Selon la famille, la jeune fille aurait été victime d’un viol ayant entraîné une grossesse, suivie d’un avortement. Ces accusations sont au cœur de la procédure actuellement pendante devant le Tribunal de première instance de Dixinn.
Au cours de cette manifestation, Tidjane Sow, présenté comme l’oncle de la plaignante, avait affirmé que la famille disposait d’éléments de preuve ayant conduit à l’interpellation de plusieurs personnes, notamment le gérant d’un hôtel et un médecin soupçonné d’avoir pratiqué l’avortement. Il avait également dénoncé la remise en liberté de l’imam et appelé les autorités judiciaires à faire toute la lumière sur cette affaire.

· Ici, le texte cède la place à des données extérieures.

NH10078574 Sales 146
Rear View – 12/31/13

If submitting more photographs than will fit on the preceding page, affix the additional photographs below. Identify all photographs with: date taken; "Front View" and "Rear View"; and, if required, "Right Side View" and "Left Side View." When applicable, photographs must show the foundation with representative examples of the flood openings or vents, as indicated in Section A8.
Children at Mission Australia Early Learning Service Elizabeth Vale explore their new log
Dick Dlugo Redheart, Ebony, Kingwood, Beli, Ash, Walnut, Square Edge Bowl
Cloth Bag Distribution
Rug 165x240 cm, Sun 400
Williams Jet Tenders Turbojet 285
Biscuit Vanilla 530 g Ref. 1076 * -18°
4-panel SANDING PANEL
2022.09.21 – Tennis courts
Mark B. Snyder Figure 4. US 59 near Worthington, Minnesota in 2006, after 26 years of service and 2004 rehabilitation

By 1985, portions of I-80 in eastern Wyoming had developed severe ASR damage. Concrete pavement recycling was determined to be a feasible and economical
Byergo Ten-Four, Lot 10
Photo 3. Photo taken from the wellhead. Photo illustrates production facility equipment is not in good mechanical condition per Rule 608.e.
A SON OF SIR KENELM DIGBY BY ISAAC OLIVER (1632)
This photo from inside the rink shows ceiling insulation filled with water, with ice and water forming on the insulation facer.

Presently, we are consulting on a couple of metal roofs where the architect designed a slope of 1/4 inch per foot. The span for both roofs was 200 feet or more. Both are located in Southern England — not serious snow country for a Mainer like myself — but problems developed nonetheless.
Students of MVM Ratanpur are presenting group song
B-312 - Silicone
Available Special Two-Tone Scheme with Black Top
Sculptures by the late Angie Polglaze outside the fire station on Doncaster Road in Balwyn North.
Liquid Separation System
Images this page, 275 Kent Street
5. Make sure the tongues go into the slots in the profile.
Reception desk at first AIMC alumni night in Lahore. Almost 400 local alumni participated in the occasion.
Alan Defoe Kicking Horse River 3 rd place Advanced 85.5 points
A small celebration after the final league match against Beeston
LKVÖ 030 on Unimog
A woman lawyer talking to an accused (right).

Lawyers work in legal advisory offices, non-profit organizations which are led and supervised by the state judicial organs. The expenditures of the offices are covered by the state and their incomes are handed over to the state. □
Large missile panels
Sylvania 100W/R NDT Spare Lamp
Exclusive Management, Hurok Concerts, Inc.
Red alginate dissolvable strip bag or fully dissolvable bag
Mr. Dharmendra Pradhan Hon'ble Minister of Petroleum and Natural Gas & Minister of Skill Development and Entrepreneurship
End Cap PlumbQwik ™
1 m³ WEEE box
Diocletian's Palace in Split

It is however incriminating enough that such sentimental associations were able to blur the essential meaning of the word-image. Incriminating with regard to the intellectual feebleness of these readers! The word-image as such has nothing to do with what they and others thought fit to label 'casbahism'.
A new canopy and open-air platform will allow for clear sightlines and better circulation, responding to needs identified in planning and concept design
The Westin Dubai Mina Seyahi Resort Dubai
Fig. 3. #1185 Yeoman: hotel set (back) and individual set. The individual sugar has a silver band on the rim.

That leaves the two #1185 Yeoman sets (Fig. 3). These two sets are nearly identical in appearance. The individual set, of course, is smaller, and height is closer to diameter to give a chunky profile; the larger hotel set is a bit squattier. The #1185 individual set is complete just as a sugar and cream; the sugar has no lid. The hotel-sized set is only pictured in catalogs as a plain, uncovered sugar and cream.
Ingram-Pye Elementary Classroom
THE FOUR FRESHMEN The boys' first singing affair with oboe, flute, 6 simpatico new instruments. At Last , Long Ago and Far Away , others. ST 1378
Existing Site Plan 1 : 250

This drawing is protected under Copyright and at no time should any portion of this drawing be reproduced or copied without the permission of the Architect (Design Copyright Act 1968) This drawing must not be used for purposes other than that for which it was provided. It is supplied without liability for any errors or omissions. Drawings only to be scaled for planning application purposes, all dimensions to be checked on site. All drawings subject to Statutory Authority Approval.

Ces déclarations reflètent la position de la famille de la plaignante et feront partie des éléments susceptibles d’être examinés dans le cadre des débats judiciaires.
Les débats de fond attendus le 9 juillet
Le renvoi prononcé ce jeudi reporte une nouvelle fois l’ouverture des débats de fond dans une affaire particulièrement suivie par l’opinion publique.
Sauf nouvel empêchement, le Tribunal de première instance de Dixinn devrait examiner les faits reprochés aux prévenus lors de l’audience du 9 juillet 2026, avec la comparution attendue d’Elhadj Nouhou Diallo.
À l’issue de cette audience, le tribunal devra entendre les différentes parties, examiner les preuves produites au dossier et apprécier les responsabilités pénales de chacun des mis en cause.
Conformément au principe de la présomption d’innocence, Elhadj Nouhou Diallo, Raphaël Fangamou et les autres personnes poursuivies sont présumés innocents tant qu’aucune décision de condamnation définitive n’a été rendue à leur encontre.